A couple of weeks ago, the day Barcelona played Chelsea in the semi-final, I decided to watch the entire match till late in the night, much against the advice of my doctor. In the end, I realised that the show was not worth earning the wrath of my family physician.
Thankfully, Barcelona managed to scrape through as Chelseas ultra-defensive tactics left a sour taste in the mouth. But on Wednesday, I will once again defy my doctors recommendation of retiring to bed early.
This time I am confident I will stay awake to watch some free-flowing soccer between the two best teams in the world. Surely, this is the most eagerly anticipated final for European supremacy in many years and should be the most attractive, too. After all, both teams enjoy the reputation of playing attacking football.
As I sit down to write this column, the inevitable question that comes to my mind is who I should call the favourites. As an expert, I am expected to predict the winners but this time, please forgive me for taking the middle path. The problem is that the philosophy of football is more or less the same for both teams. They move the ball around the ground, are an attacking team who play three upfront and have excellent strikers.
If, for the defending champions, Wayne Rooney, Cristiano Ronaldo and Carlos Tevez can create havoc, the same could be expected from Barcelonas Lionel Messi, Thierry Henry and Samuel Eto.
The fate of the match could well be decided by a moment of magic from one of these many stars on show.
My only worry is that Barcelona may fall short in their defence. As it is, they are not a side known for possessing a great defence and they are now bothered by too many suspensions and injuries. The reports suggest that defenders Daniel Alves and Eric Abidal are both suspended, while central defender Rafael Marquez is out for the season after a knee injury. If Henry also fails to turn out because of an injury, Alex Fergusons job of winning back-to-back titles will definitely get easier.
United, on the other hand, are much better placed as everyone with the exception for Rio Ferdinand is raring to go.
But, then, Ronaldo should not take things lightly. I have all the respect for the worlds best footballer but I dont like the way he sometimes holds the ball for longer than is necessary. If he continues to play spoilsport, the Barcelona defence will certainly take care of him.

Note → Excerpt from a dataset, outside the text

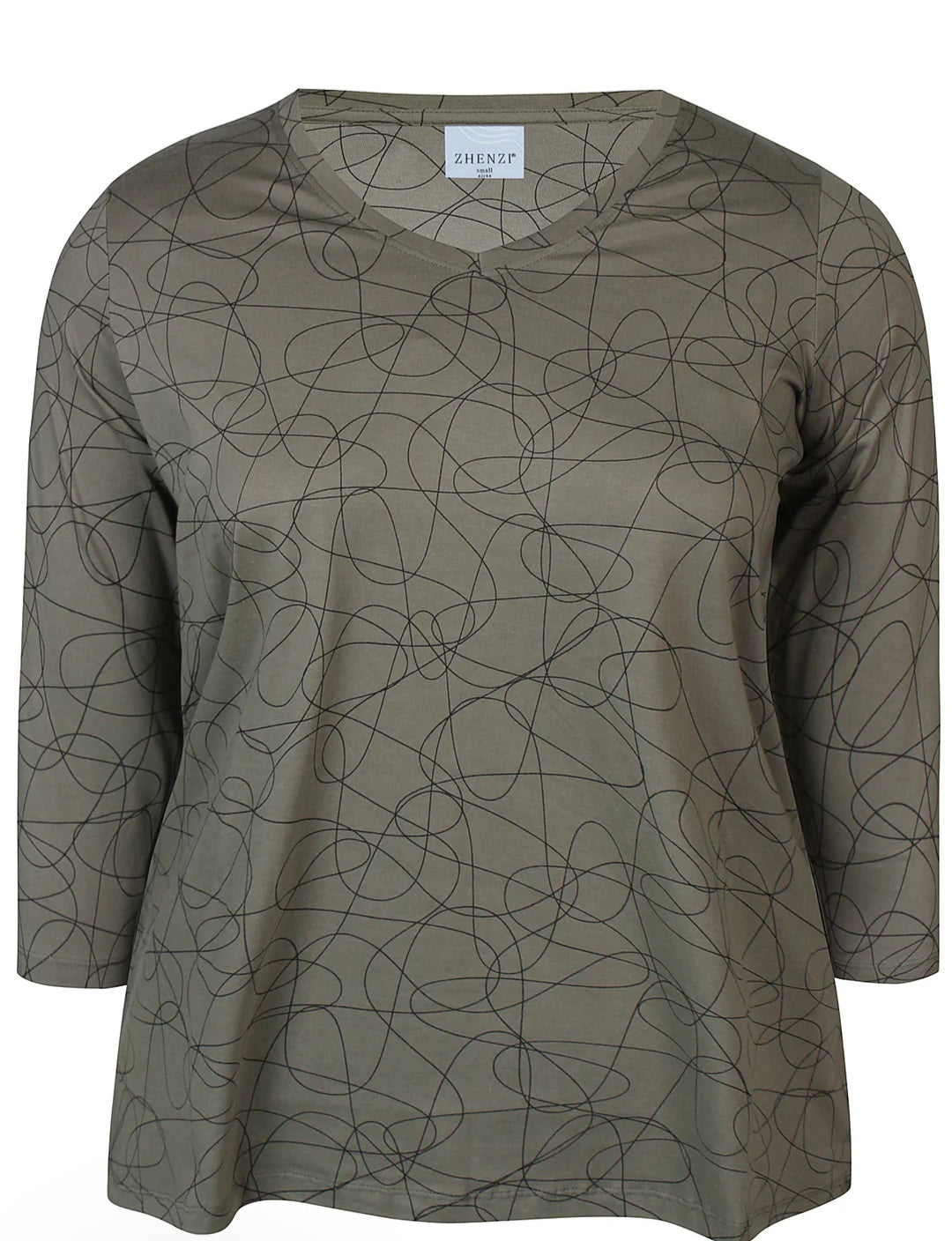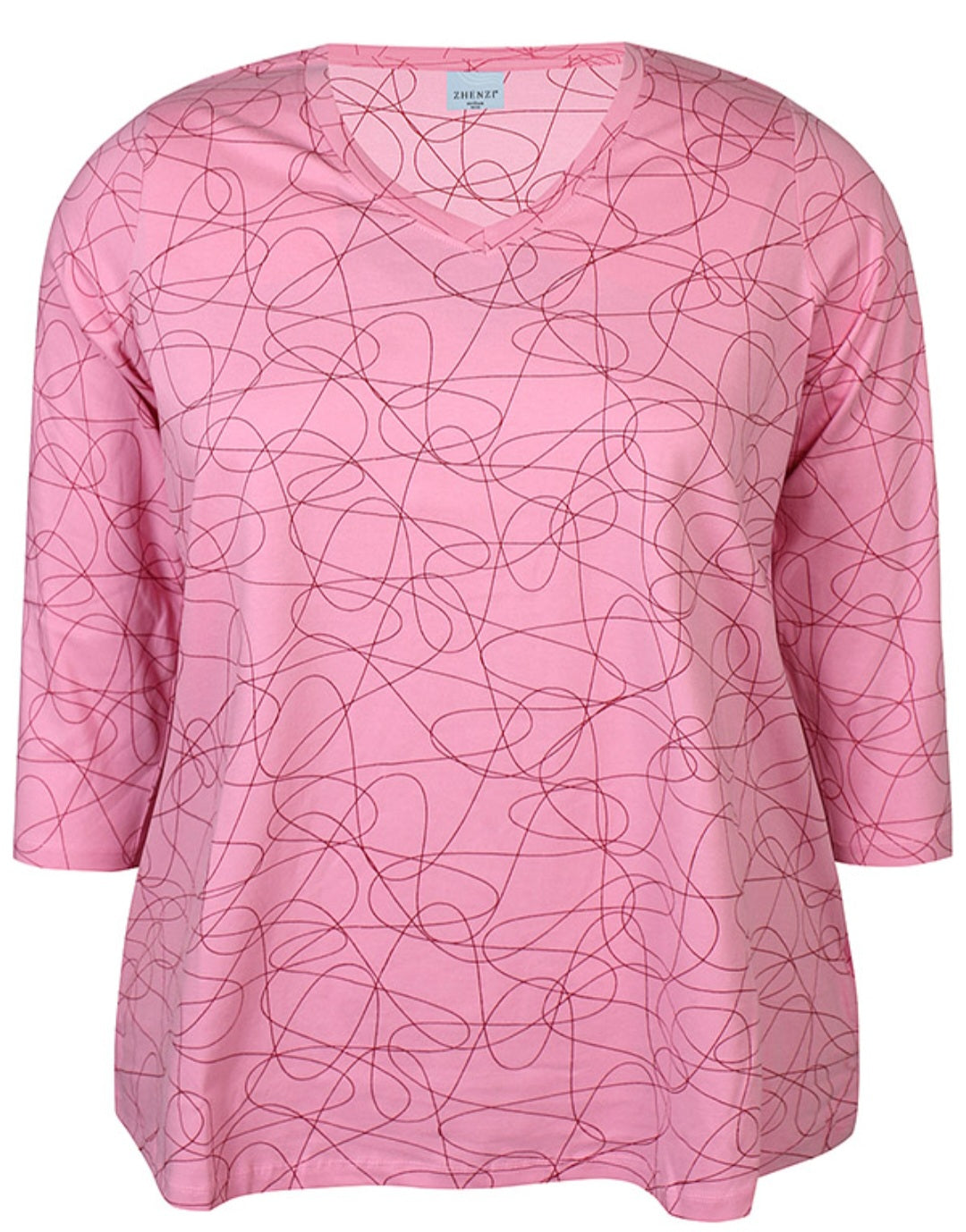 This Zhenzi soft and stylish T- shirt made from 100% breathable cotton .the graphic all over print adds a modern and personal touch , While the feminine V Neckline and 3/4 length sleeves make it a versatile choice for every day

In the midfield, my new-found favourite is Barcelonas Andres Iniesta. Along with Xabi Hernandez, he is a dynamic footballer and his quality of movement and passing are simply a treat to watch. I sincerely hope he clears the fitness test to play the final.
At the same time, I must warn that the final could prove to be an anti-climax. While I have little doubt that Barcelona would not abandon their attacking brand of football that propelled them to that awe-inspiring 6-2 victory over Real Madrid the other day, there is every chance of United adopting defensive tactics.
I can say that English teams are reluctant to turn adventurous in crucial matches. I wont be surprised if United opt to defend in some depth and score on counter attacks. After all, the Champions League finals have mostly been low scoring ones.
Last but not the least, as a former coach I am tempted to say a few words on the two managers. At 67, Ferguson has practically won every trophy that a European club coach can expect to add to his kitty. On the other hand, if Barcelona win, their 38-year-old manager Pep Guardiola will be the youngest manager in 49 years to lift the trophy and the third youngest of all time. It could be the beginning of a new era. In that case, I, for sure, wont be terribly disappointed.